The Clustering system treats different text strings as entirely different, regardless of how similar they are. For example, it views the words “car” and “cars” as equally dissimilar as the words “boat” and “vampire.” This is because if we were to assume that words with -s added are the same, entirely different words like “wood” and “woods” would be parsed as the same thing when they actually have different meanings and words like “half” and “halves” would not be captured as plural variations.
Will Clustering work with non-English documents?
When should I use Predictive Coding and when should I use Clustering?
Everlaw’s Predictive Coding feature relies on user-generated review decisions to determine which documents will likely be relevant based on whatever criteria you set. In contrast, Clustering is unsupervised - it creates visualizations without user input. This means that as you review documents, Predictive Coding will likely have more accurate insights into your data. At the outset of a case, however, Clustering will be fully up and running before you begin review.
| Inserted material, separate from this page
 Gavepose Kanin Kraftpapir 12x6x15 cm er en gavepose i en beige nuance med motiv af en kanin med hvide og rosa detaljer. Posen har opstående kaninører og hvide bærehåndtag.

I’m seeing the same term across multiple clusters. Why is this happening, and what does it mean?
Some clusters will have the same defining terms, but the algorithm categorizes the document sets as conceptually different and thus, the terms appear in separate clusters. For example, two clusters with the term “fraud” relate to fraud, but one is a set of financial spreadsheets, and one is some emails referencing fraud.
In some cases, this may not appear to be true and you’ll look at two clusters with the same term, but the documents will appear to be very similar. This is likely to improve over time as our Clustering algorithms learn from being implemented in your projects.
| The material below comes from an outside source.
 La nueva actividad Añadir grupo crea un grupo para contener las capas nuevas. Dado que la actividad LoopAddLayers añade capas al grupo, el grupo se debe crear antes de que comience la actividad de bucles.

I created a search based on a cluster and now it doesn’t return any documents. What happened?
Clustering is meant to reflect the current view into the documents. This means that when reclustering happens and your clusters change, previous searches that were based off of clusters will no longer return documents. If you would like to keep a record of the documents that were in a particular cluster, you should add them to a binder before reclustering.
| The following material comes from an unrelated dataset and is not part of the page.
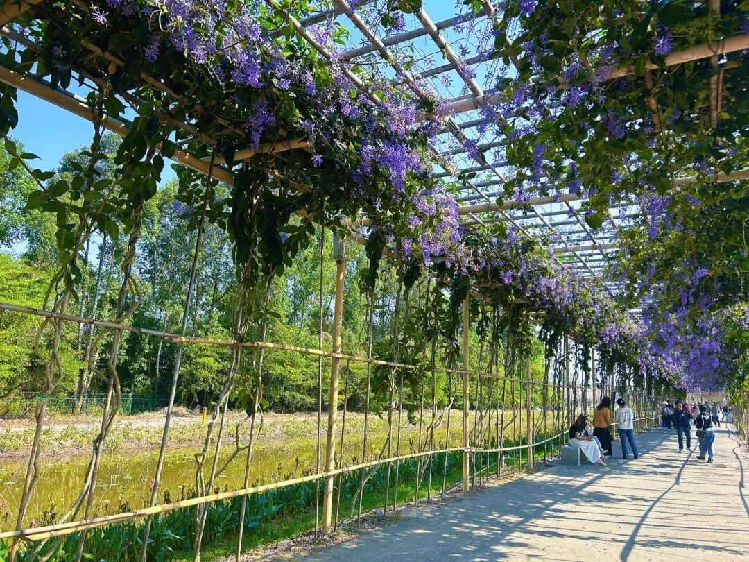 广州南沙的这条农业观光绿道最近很火,罕见的红色和蓝色藤顶让这里成了打卡网红地;公交直达村口,免费参观,最适合旅拍和家庭出游

Why are there more documents in my project than there are in Clustering?
In your project, there will likely be a set of documents, outliers, that don’t get included in Clustering. This is because the Clustering algorithm could not place them into a cluster, meaning that their text isn’t sufficiently similar to any of the clusters. Rather than include that “white noise” in the Clustering page, we have chosen to remove these outliers.
Why does the list of nearest neighbors in the context panel include documents that aren’t in the same cluster as the document I’m looking at?
Both the Clustering page and the Clustering section of the context panel use TF-IDF. In the context panel, however, we don't use a document's cluster to compute its neighbors. Instead, we compute the distance from one document and each other document in the corpus, then select the nearest ones.
A document on the edge of cluster A may be closer to a document in cluster B than some documents in its own cluster. The document in cluster B could be considered the nearest neighbor, but not part of the same cluster. You can think of various clusters and neighbors like a smiley face with two eyes and a mouth. The left eye might be closer to the smile than the right eye, but the eyes are grouped together due to their shared characteristics. We believe that both elements, the distance between documents and their particular clusters, provide valuable information you can use to better understand your corpus.
When would I want to recluster my documents?
If you add or remove a substantial number of documents from your project, you will want to recluster. This will run our Clustering algorithm on your documents and assign them to clusters based on the most recent available information, resulting in more accurate clusters. Because reclustering takes time and removes the results from any existing searches of clusters you have done, we recommend that you recluster sparingly.